Advocacy Group
Children's Defense Fund
Advantages and disadvantages of mergers and acquisitions
Mergers and acquisitions both combine two separate entities into a single, incorporated firm. While the economic rationale behind the two of these business strategies is similar, they are legally different processes. In a merger, two separate firms become one in a partnership of equals. In an acquisition, a larger firm 'takes over' a smaller firm, either with the smaller firm's consent -- or without its consent in a hostile takeover (What is the difference between a merger and a takeover, 2010, Investopedia).
The usual rationale behind a merger or acquisition is achieving an 'economy of scale.' Organizations with similar purposes can often accomplish their objectives more efficiently when they are larger or are able to use one another's strengths. (Of course, each firm also acquires its partner's weaknesses as well). Often, a company can charge a lower price for its products as a result of a merger, given that operating costs per unit have decreased due to economies of scale, increasing the profit on the items sold. The ability to price low can correspondingly increase the company's overall market share. Conversely, 'horizontal integration' and market dominance in the same product line can reduce competition and give the firm greater leverage in raising prices, although if the new entity is so large and consolidated it is a monopoly, this would be prohibited under anti-trust law (Growing a business, 2010, tutor2u)
Sometimes, companies producing similar products merge, but in other cases, such as RJR Reynolds and Nabisco, diverse types of companies merge to engage in 'risk management' -- so that when one sector of the economy is doing poorly, the other branches may still thrive (Growing a business, 2010, Tutor2U). Smaller companies may seek the refuge of a larger organization, while a larger organization may seek to absorb a potential competitor within its fold, like Whole Foods' acquisition of Wild Oats. Wild Oats was a more regionally-based natural foods market and a former Whole Foods rival. Mergers and acquisitions also offer the potential for expansion into a new regional market if the old one is super-saturated, if one of the merging or acquired entities is located in a different area of the world.

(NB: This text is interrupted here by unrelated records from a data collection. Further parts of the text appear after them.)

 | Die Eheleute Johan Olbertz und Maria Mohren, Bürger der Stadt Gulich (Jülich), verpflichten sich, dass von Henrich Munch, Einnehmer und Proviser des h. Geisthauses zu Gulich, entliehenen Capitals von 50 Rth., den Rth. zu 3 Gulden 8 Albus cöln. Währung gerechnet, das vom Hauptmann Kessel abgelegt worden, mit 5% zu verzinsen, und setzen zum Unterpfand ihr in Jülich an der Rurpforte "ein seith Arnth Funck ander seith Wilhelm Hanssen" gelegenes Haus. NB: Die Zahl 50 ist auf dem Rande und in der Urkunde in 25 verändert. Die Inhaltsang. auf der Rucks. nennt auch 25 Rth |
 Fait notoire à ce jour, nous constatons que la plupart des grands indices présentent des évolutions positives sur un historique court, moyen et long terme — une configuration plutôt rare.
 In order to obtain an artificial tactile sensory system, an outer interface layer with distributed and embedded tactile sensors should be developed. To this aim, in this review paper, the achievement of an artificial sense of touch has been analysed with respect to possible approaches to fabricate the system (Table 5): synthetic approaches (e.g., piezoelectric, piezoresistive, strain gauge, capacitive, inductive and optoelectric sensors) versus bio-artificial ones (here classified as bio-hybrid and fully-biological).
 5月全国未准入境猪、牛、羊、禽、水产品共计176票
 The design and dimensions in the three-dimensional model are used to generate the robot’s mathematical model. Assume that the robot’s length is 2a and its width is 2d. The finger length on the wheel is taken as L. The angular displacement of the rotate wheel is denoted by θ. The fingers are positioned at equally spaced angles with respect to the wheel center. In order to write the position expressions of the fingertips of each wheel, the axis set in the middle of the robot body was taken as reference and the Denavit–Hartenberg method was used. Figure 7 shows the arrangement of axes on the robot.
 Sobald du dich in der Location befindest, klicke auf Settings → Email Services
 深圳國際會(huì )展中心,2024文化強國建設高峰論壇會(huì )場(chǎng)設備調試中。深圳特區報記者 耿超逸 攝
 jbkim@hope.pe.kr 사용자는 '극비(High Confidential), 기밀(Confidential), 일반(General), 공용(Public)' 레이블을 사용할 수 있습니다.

On paper, it would seem that mergers and acquisitions can often convey value to a company, but two-thirds of most large mergers fail (Mergers and acquisitions: Why they can fail, 2010, Investopedia). One critical question to ask when evaluating if a merger or acquisition is likely to be successful is if the merging organizations have a similar enough corporate culture and standard operating procedures to truly generate such mutual synergy. Worker motivation may decrease if the corporate cultures are inharmonious. When straight-laced Disney acquired the more freewheeling Pixar studios in a friendly takeover, creating a common culture still proved to be a challenge, despite the fact that both entities were animation studios (What is the difference between a merger and a takeover, 2010, Investopedia).